Reproduction of part of the material below, pictures omitted: copy exactly, and only, the lines starting with the one with "Сильные ливни не" and going on through the one with "種モミを袋から取り出し、計量".

= Beginning of Section =

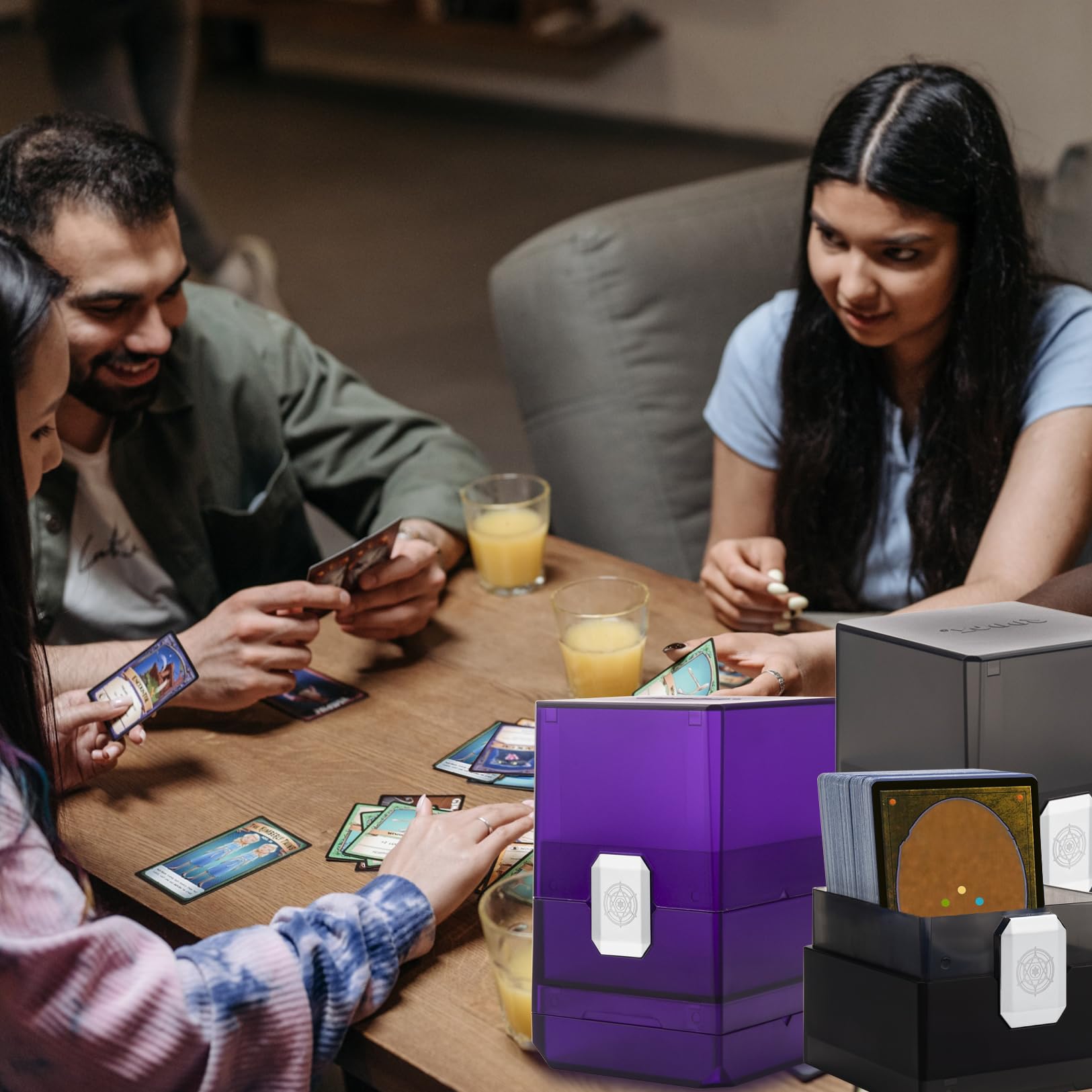 Sooez Heavy Duty MTG Deck Card Box with Dice Storage, 100+ Deck Case Boulder, Perfect Deck Holder for MTG Commander/YuGiOh/TCG and Sports Cards (Purple)
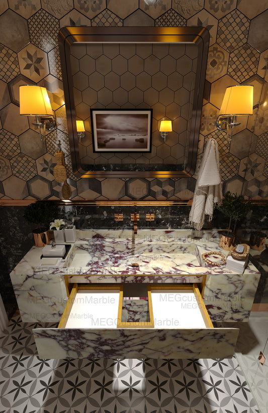 Calacatta Marble Vanity Sink, Functional Marble Drawers
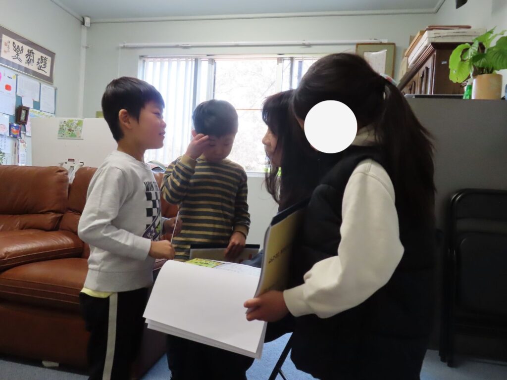 G1は国語の「じどう車くらべ」で『じどう車ずかん』を作り、自分の選んだ自動車の仕事とつくりを校長室で詳しく説明してくれました。
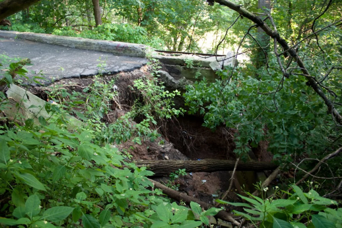 Сильные ливни не прошли даром. Все еще помнят, как размыло грунт, и провалился асфальт на улице Набережной. Однако, мало кто догадывается, что чуть выше от этого места на пешеходной дорожке, ведущей в парк Культуры образовался метровый провал асфальта, что вкупе с разрушающейся лестницей делает этот путь весьма опасным для прохода.
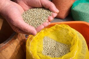 種モミを袋から取り出し、計量して振り分けします。そして本日から10日間、水に浸し発芽の準備をします。
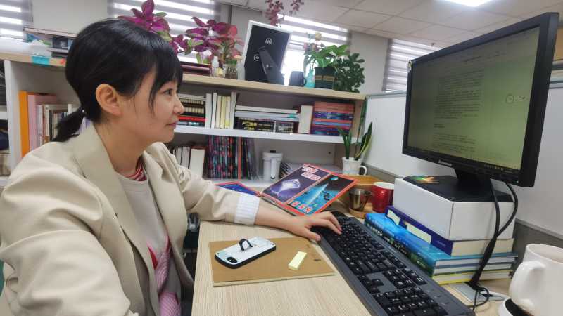 4月13日,《飞碟探索》编辑钱茹在工作。 新华社记者 崔翰超 摄
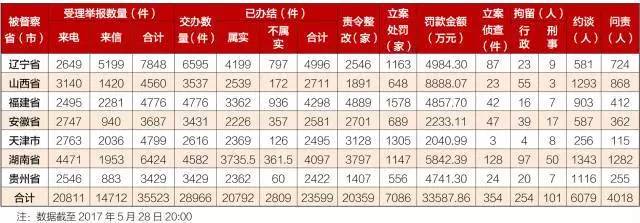 4月28日至5月28日,第三批7個(gè)中央環(huán)境保護(hù)督察組共計(jì)受理舉報(bào)35523個(gè),經(jīng)梳理分析并合并重復(fù)舉報(bào),累計(jì)向被督察地方交辦有效舉報(bào)28966件。地方已辦結(jié)23599件,責(zé)令整改20359家,立案處罰7086家,共計(jì)罰款33587.86萬元;立案偵查354件,行政和刑事拘留355人,約談6079人,問責(zé)4018人。

= End of Section =

## [SOLUTION FOR THIS PROBLEM]
 Сильные ливни не прошли даром. Все еще помнят, как размыло грунт, и провалился асфальт на улице Набережной. Однако, мало кто догадывается, что чуть выше от этого места на пешеходной дорожке, ведущей в парк Культуры образовался метровый провал асфальта, что вкупе с разрушающейся лестницей делает этот путь весьма опасным для прохода.
 種モミを袋から取り出し、計量して振り分けします。そして本日から10日間、水に浸し発芽の準備をします。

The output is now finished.